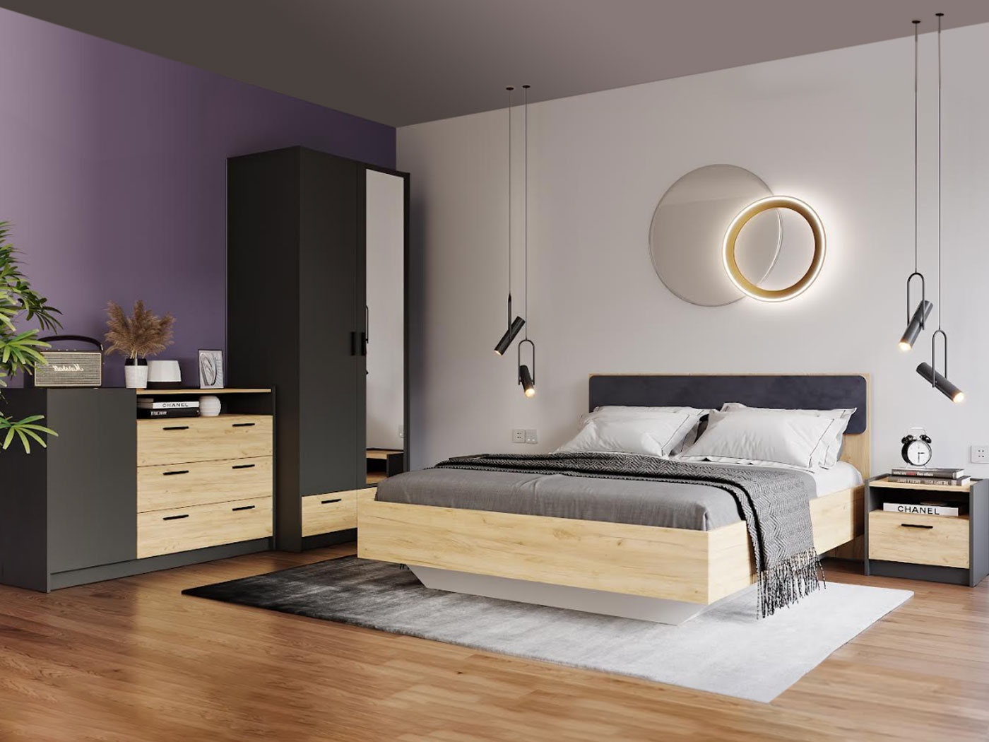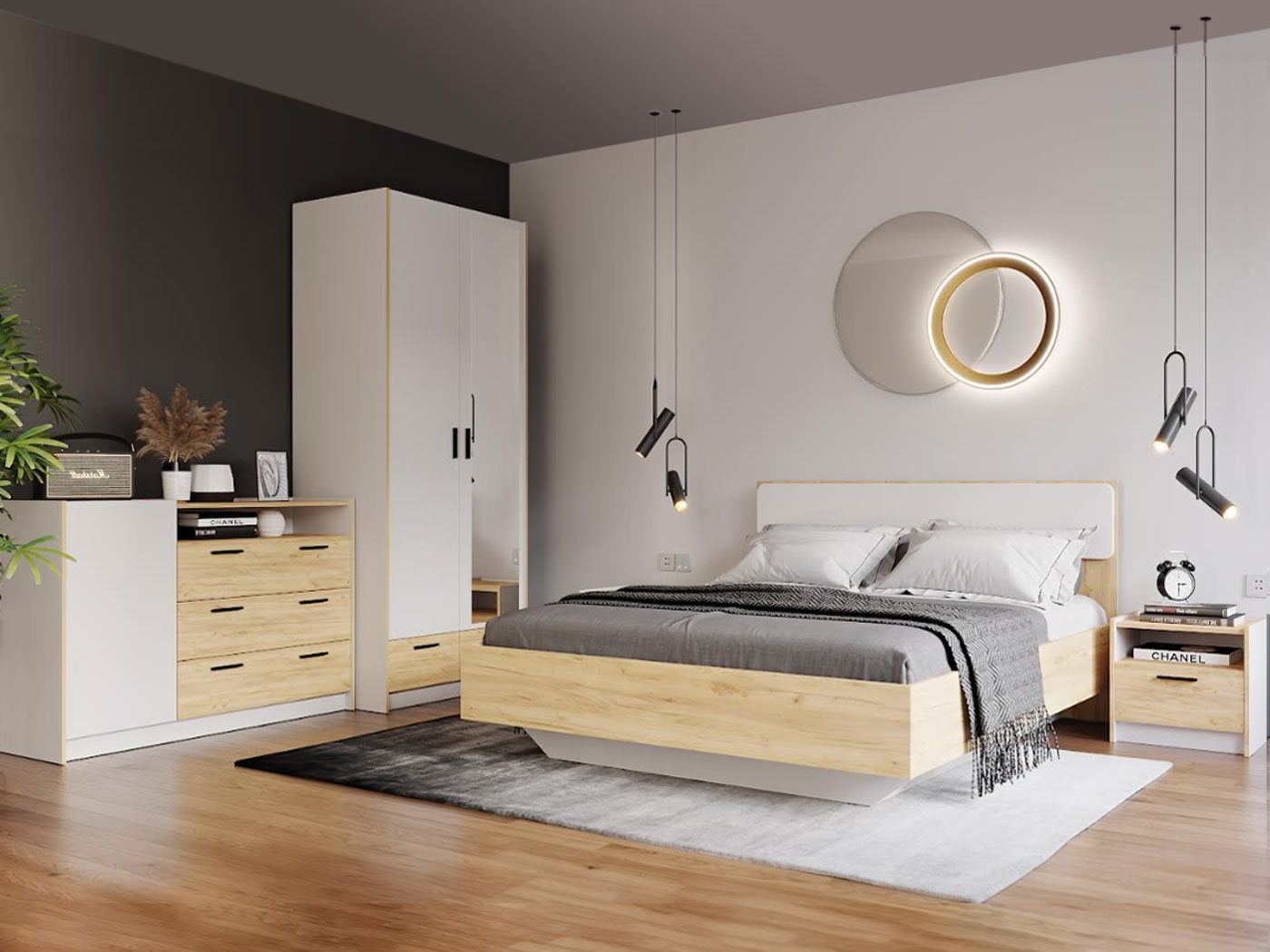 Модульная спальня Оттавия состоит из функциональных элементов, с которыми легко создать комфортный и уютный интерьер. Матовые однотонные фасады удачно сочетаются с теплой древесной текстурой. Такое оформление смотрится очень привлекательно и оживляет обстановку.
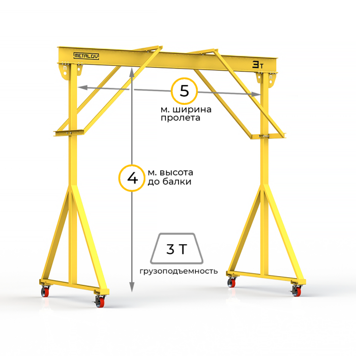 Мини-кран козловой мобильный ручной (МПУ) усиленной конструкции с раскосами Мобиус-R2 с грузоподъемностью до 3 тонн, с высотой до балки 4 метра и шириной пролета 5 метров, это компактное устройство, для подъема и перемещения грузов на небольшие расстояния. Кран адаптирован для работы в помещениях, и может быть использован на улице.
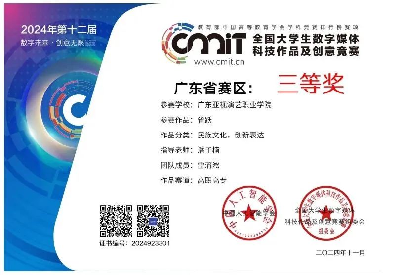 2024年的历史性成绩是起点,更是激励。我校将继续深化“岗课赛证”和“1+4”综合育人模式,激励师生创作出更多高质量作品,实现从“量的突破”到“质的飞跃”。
* * *
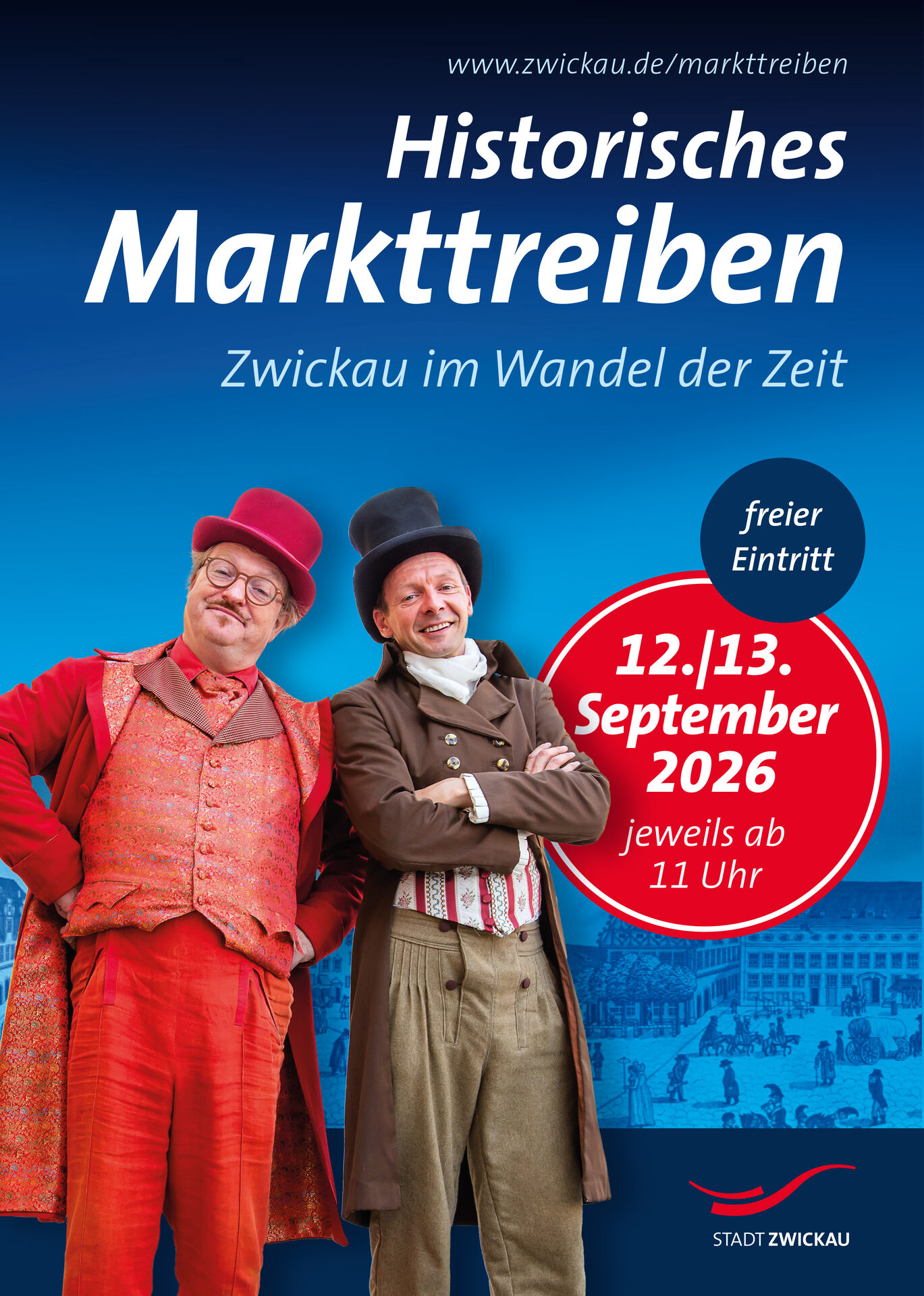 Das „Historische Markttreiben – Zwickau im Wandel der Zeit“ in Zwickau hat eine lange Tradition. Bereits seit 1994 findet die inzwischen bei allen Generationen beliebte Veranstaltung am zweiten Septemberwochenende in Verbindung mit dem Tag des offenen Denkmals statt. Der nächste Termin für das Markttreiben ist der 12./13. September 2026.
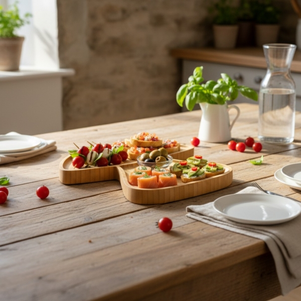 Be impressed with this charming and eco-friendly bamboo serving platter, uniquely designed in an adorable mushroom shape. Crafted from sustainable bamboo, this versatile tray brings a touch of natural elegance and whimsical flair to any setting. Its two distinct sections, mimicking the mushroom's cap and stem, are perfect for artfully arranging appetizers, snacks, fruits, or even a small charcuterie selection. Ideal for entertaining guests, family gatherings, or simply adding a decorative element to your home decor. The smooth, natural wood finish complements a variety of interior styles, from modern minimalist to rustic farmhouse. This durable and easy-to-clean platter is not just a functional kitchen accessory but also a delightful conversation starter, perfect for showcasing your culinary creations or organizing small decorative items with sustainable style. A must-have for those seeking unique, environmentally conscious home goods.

▶ Activity
Would you restate, exactly and with no pictures, the lines of the entries above from the one containing "Модульная спальня Оттавия" through the one containing "2024年的历史性成绩是起点"?

▶ Solution to the problem
 Модульная спальня Оттавия состоит из функциональных элементов, с которыми легко создать комфортный и уютный интерьер. Матовые однотонные фасады удачно сочетаются с теплой древесной текстурой. Такое оформление смотрится очень привлекательно и оживляет обстановку.
 Мини-кран козловой мобильный ручной (МПУ) усиленной конструкции с раскосами Мобиус-R2 с грузоподъемностью до 3 тонн, с высотой до балки 4 метра и шириной пролета 5 метров, это компактное устройство, для подъема и перемещения грузов на небольшие расстояния. Кран адаптирован для работы в помещениях, и может быть использован на улице.
 2024年的历史性成绩是起点,更是激励。我校将继续深化“岗课赛证”和“1+4”综合育人模式,激励师生创作出更多高质量作品,实现从“量的突破”到“质的飞跃”。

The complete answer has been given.